The red fronted buildings once spotted the Toronto landscape, but had largely disappeared by the late 1990s, shortly after the company had been acquired from Imasco by Hachette Distribution Services, when the vast majority of locations were renamed Great Canadian News Co. However, at least one location, in the basement of the Toronto Coach Terminal, had remained under the United Cigar Stores name.

In 2014, LS Travel Retail (the former HDS, which had been acquired by Lagardère Group) sold the chains to Gateway Newstands, which promptly rebranded all locations (including the Toronto Coach Terminal store) under its own banner.

==Advertising==
The following is the primary body copy of an advertisement which ran in "Toronto's 100 Years".

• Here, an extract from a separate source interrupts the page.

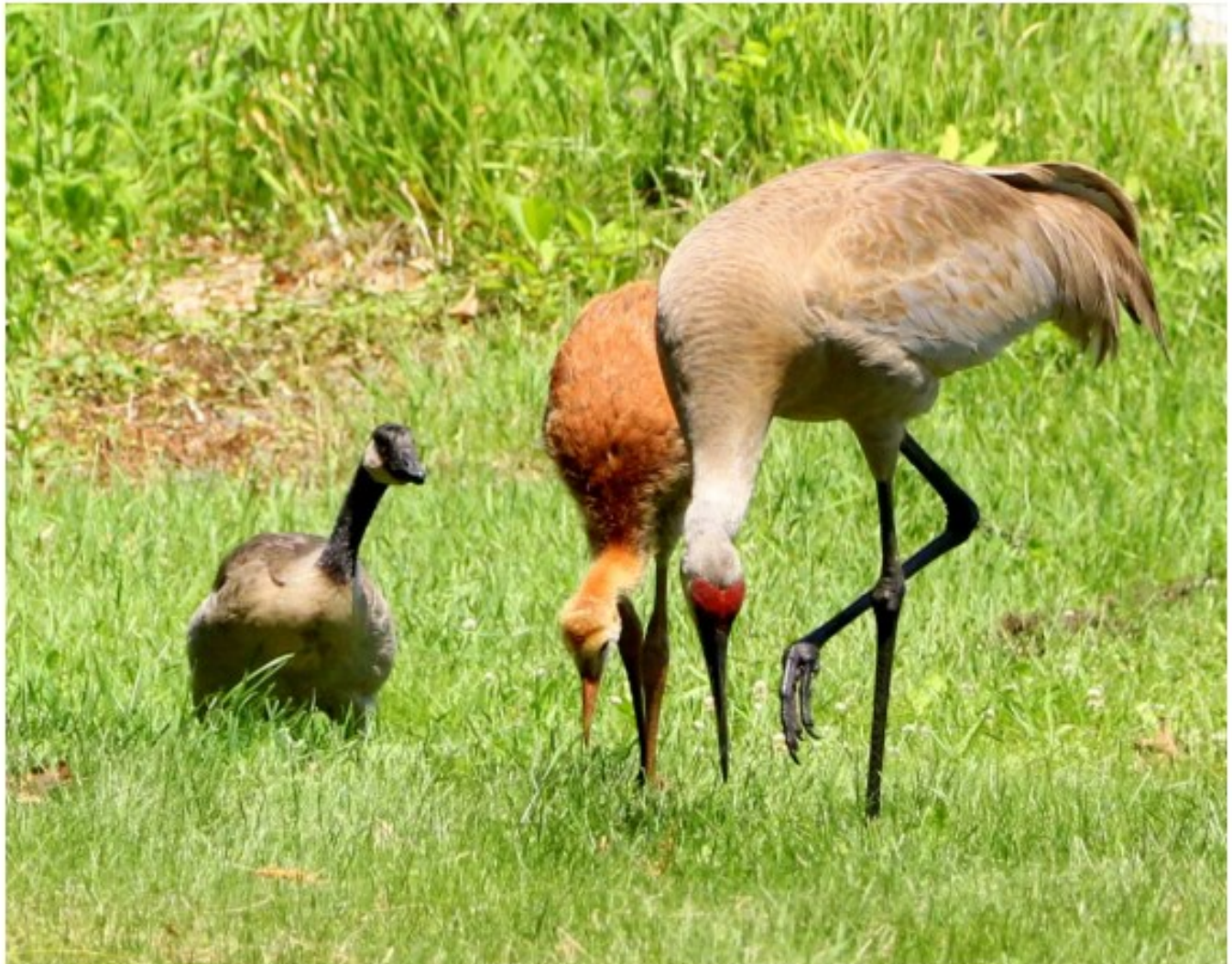
Fam, sandhill crane sibling Sam, and one of the crane parents.

 Few institutions have become more inseparably a part of Toronto than have the familiar red fronts of the United Cigar Stores and Agencies.

 You see them everywhere. As Toronto's homes spread out over wider and wider areas this great chain of stores brought its services to each new neighborhood.

 For years Toronto has depended to a remarkable degree on United Cigar Stores and Agencies to fill its varied smoking needs. United responds to that trust with a service that brings fresh new stocks of smoking materials and sundries almost to everyone's door.